▶ _Exercise details_: Leaving the images aside, print every record in the material exactly.

=-=-=

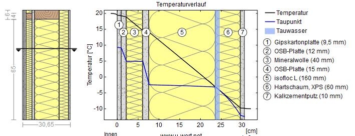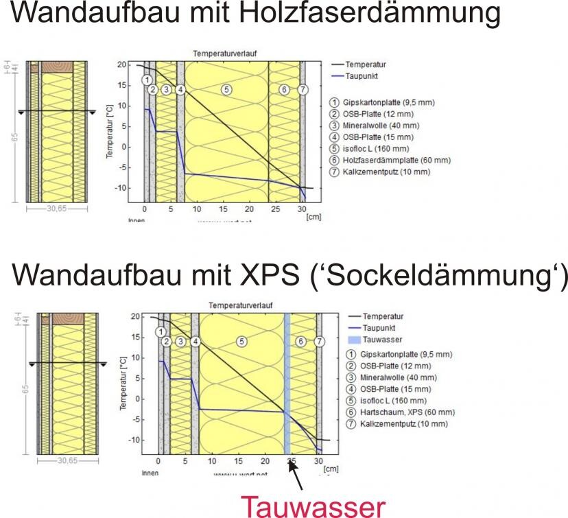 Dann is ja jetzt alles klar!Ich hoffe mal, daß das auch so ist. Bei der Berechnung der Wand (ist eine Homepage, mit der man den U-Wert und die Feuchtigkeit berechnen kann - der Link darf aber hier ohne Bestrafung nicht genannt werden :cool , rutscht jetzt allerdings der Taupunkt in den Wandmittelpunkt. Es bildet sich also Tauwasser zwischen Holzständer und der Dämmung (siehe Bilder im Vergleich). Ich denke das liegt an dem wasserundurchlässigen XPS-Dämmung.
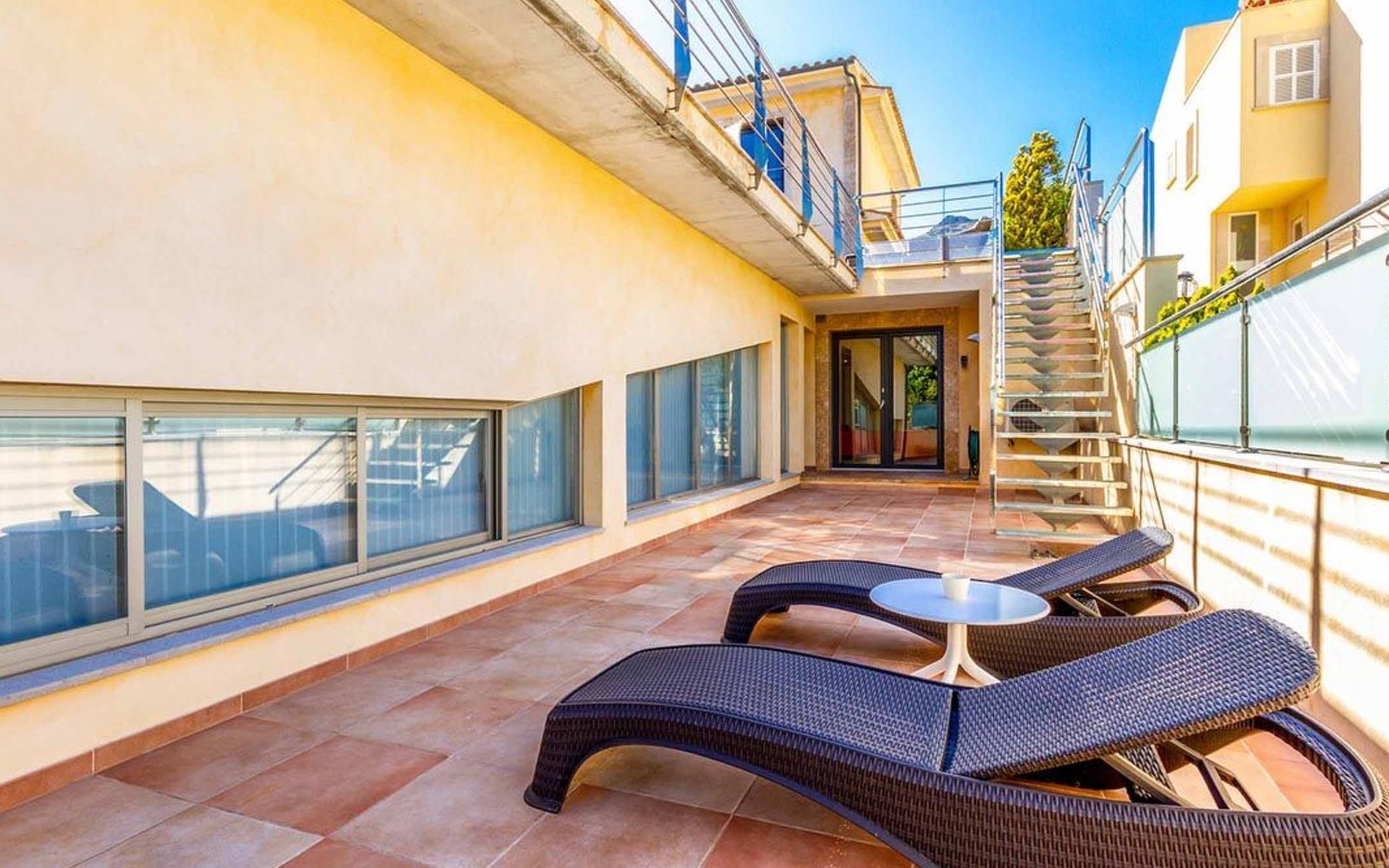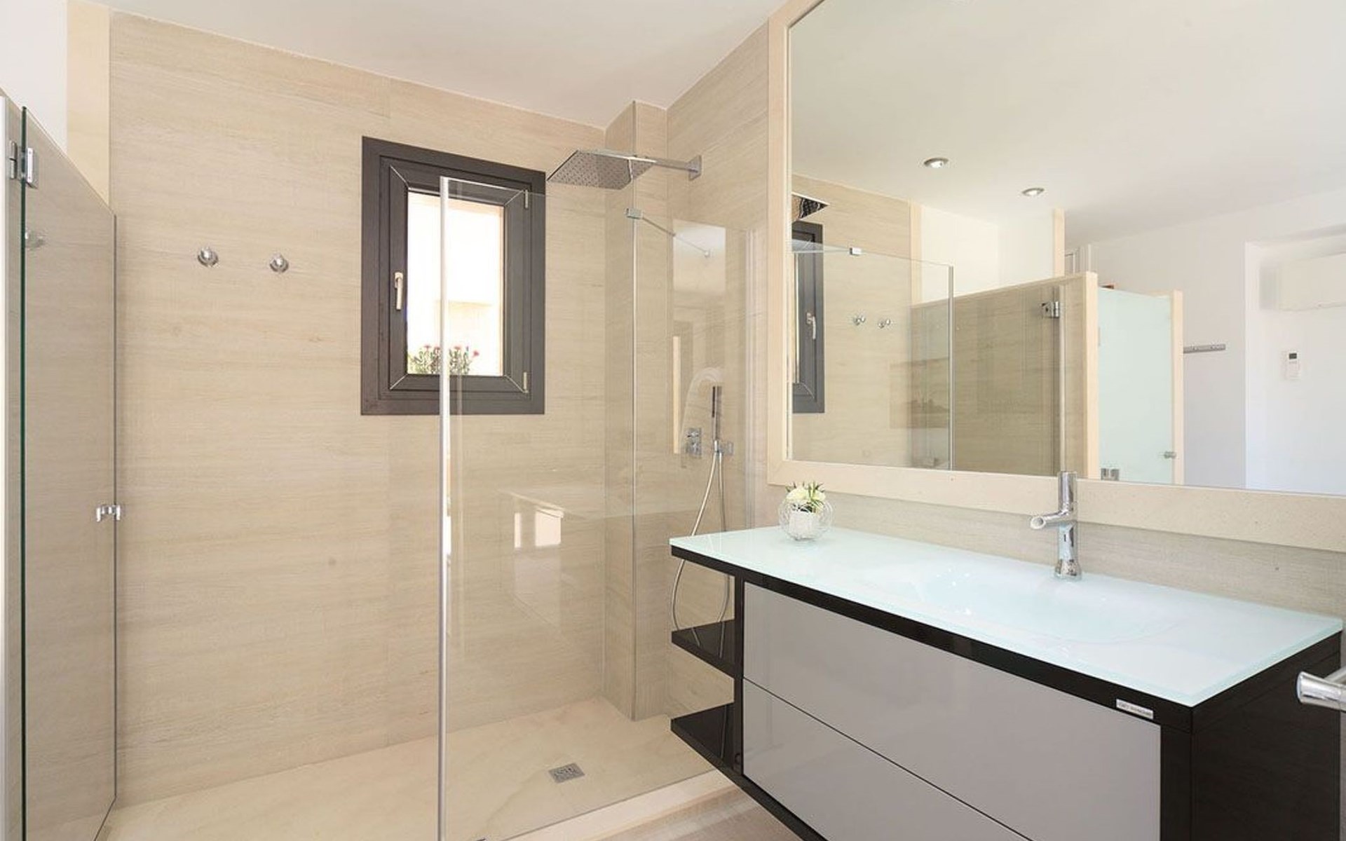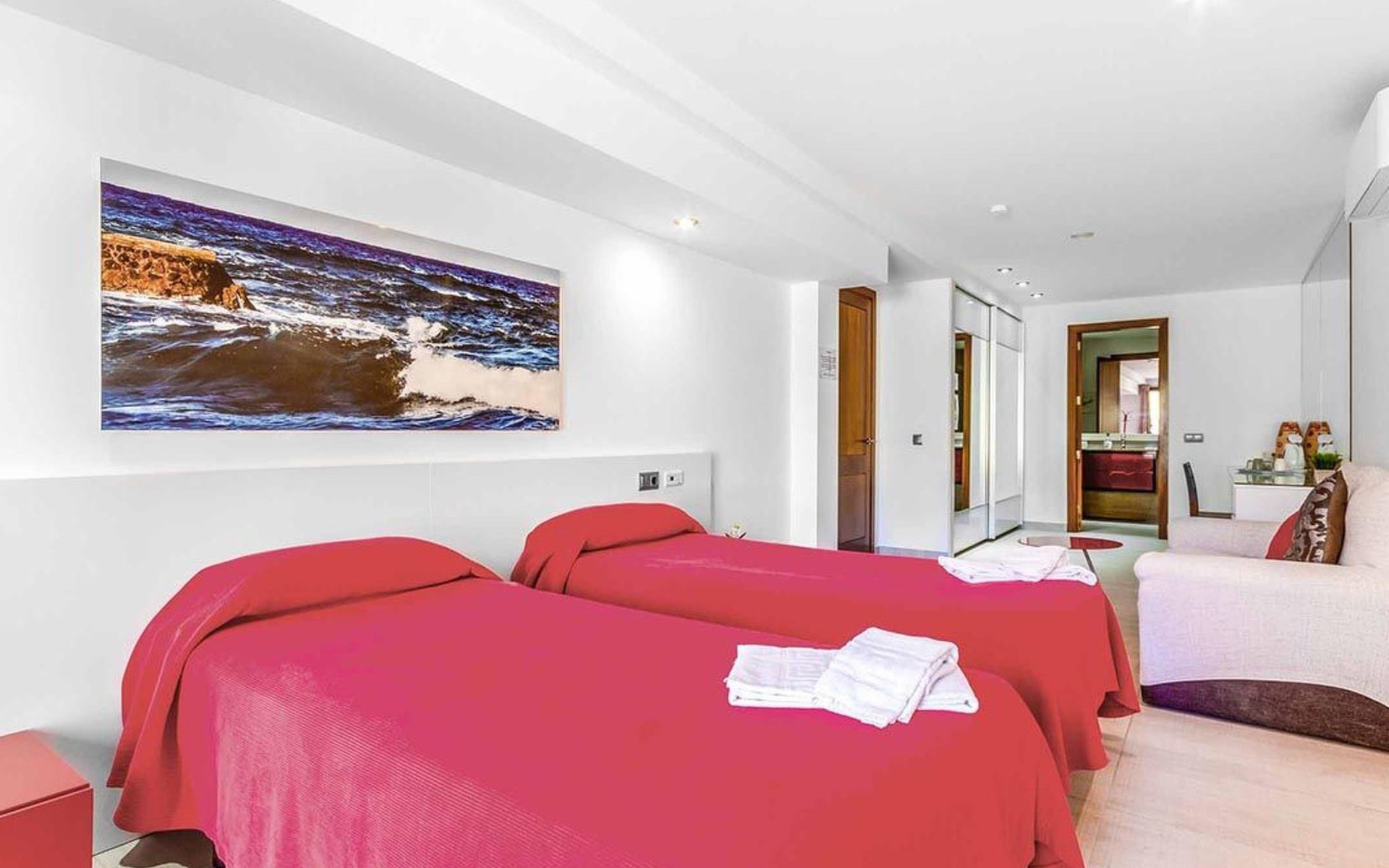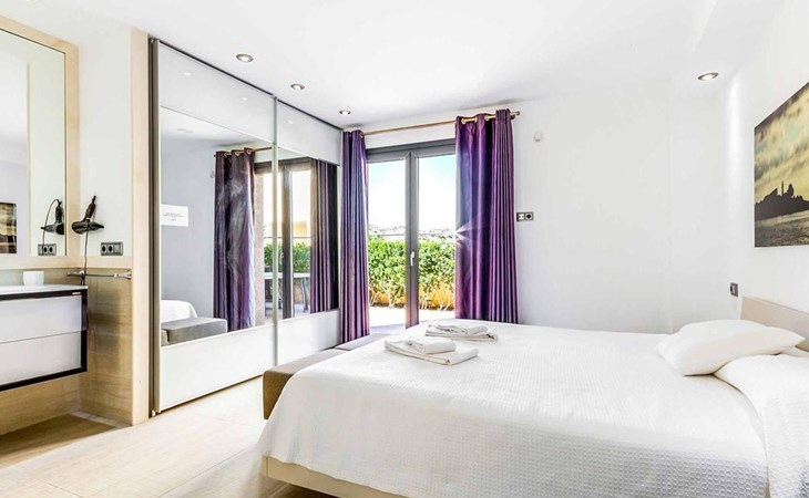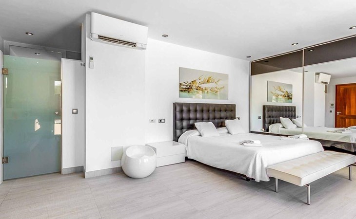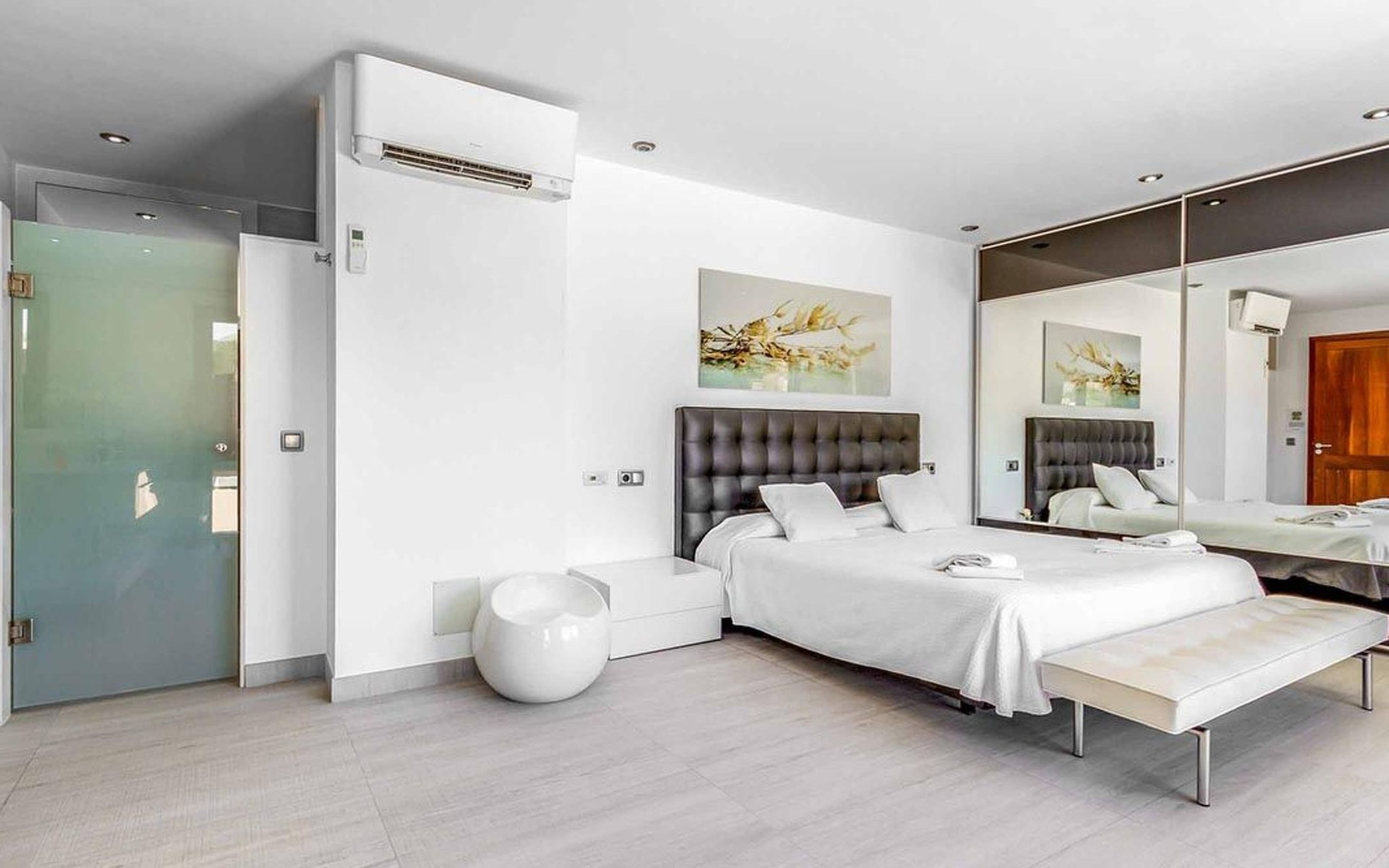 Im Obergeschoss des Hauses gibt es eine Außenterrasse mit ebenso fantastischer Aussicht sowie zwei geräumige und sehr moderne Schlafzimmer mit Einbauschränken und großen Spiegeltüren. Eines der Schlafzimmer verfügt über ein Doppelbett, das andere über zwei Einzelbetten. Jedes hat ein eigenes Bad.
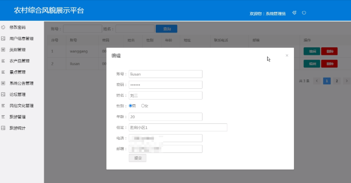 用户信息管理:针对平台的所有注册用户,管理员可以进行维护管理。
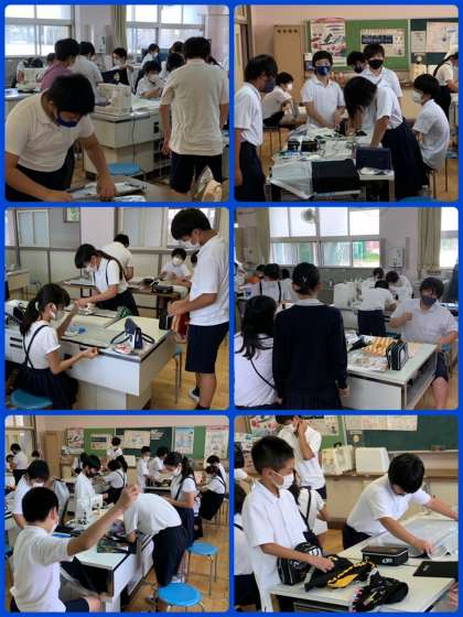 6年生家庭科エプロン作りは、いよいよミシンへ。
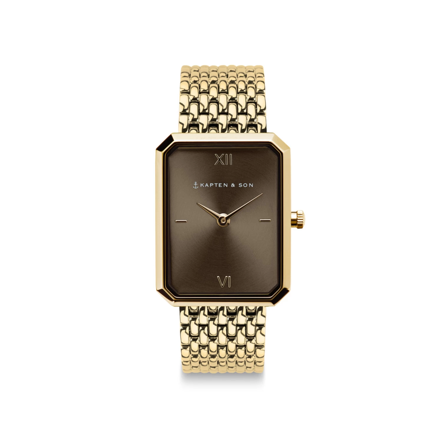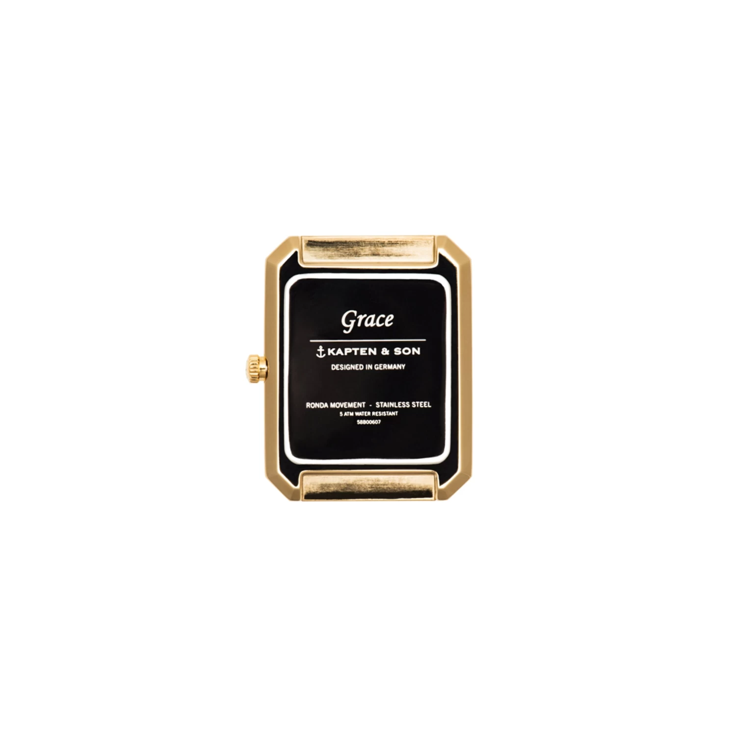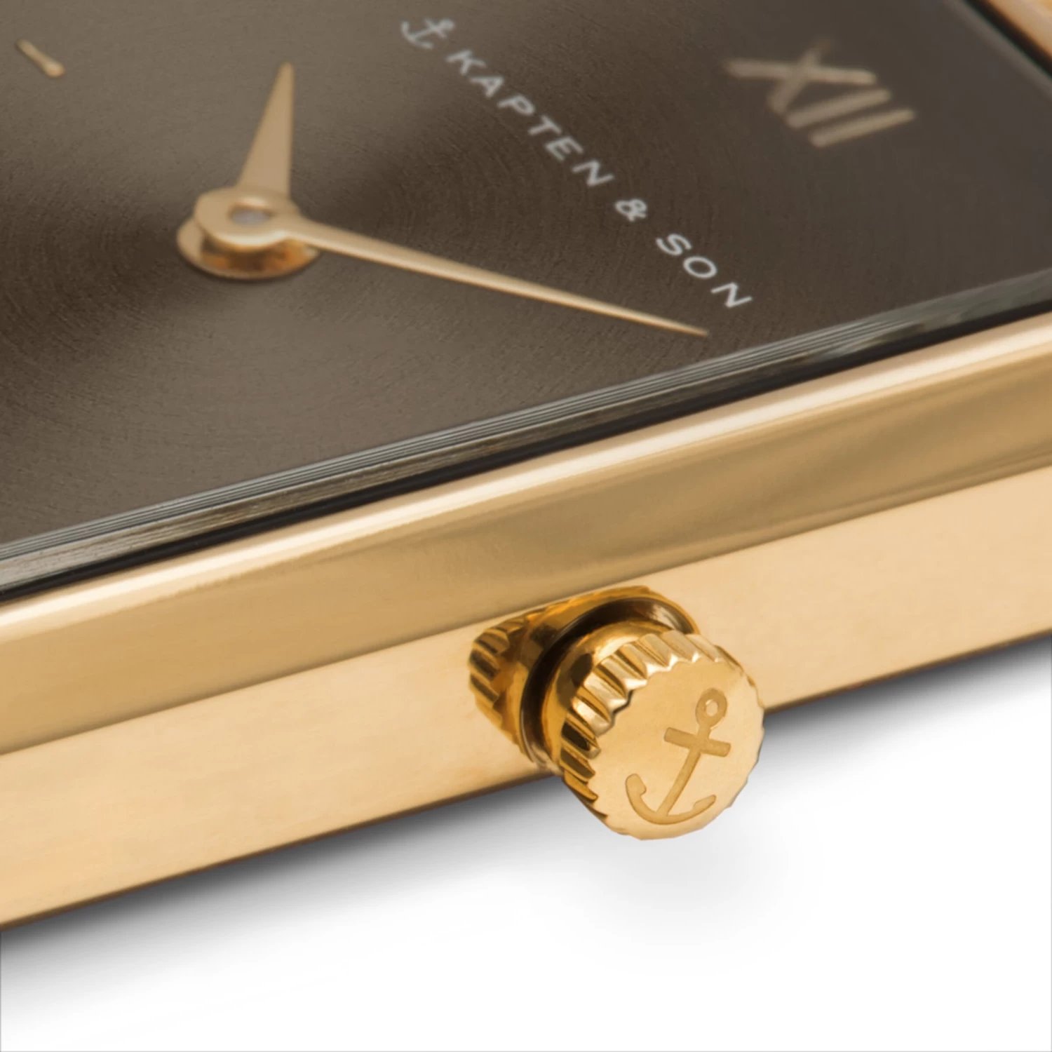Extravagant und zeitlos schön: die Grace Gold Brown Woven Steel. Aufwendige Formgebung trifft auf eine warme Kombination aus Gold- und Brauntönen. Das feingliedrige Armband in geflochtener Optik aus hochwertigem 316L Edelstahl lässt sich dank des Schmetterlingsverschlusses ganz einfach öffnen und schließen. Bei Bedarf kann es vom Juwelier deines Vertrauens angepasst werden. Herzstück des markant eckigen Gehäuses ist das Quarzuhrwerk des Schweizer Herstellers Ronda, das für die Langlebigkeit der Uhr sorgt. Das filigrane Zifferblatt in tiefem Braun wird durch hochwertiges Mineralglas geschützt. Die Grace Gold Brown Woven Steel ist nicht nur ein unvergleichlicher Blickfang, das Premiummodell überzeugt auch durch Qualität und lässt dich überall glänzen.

=-=-=

▶ _Response below_:
 Dann is ja jetzt alles klar!Ich hoffe mal, daß das auch so ist. Bei der Berechnung der Wand (ist eine Homepage, mit der man den U-Wert und die Feuchtigkeit berechnen kann - der Link darf aber hier ohne Bestrafung nicht genannt werden :cool , rutscht jetzt allerdings der Taupunkt in den Wandmittelpunkt. Es bildet sich also Tauwasser zwischen Holzständer und der Dämmung (siehe Bilder im Vergleich). Ich denke das liegt an dem wasserundurchlässigen XPS-Dämmung.
 Im Obergeschoss des Hauses gibt es eine Außenterrasse mit ebenso fantastischer Aussicht sowie zwei geräumige und sehr moderne Schlafzimmer mit Einbauschränken und großen Spiegeltüren. Eines der Schlafzimmer verfügt über ein Doppelbett, das andere über zwei Einzelbetten. Jedes hat ein eigenes Bad.
 用户信息管理:针对平台的所有注册用户,管理员可以进行维护管理。
 6年生家庭科エプロン作りは、いよいよミシンへ。
Extravagant und zeitlos schön: die Grace Gold Brown Woven Steel. Aufwendige Formgebung trifft auf eine warme Kombination aus Gold- und Brauntönen. Das feingliedrige Armband in geflochtener Optik aus hochwertigem 316L Edelstahl lässt sich dank des Schmetterlingsverschlusses ganz einfach öffnen und schließen. Bei Bedarf kann es vom Juwelier deines Vertrauens angepasst werden. Herzstück des markant eckigen Gehäuses ist das Quarzuhrwerk des Schweizer Herstellers Ronda, das für die Langlebigkeit der Uhr sorgt. Das filigrane Zifferblatt in tiefem Braun wird durch hochwertiges Mineralglas geschützt. Die Grace Gold Brown Woven Steel ist nicht nur ein unvergleichlicher Blickfang, das Premiummodell überzeugt auch durch Qualität und lässt dich überall glänzen.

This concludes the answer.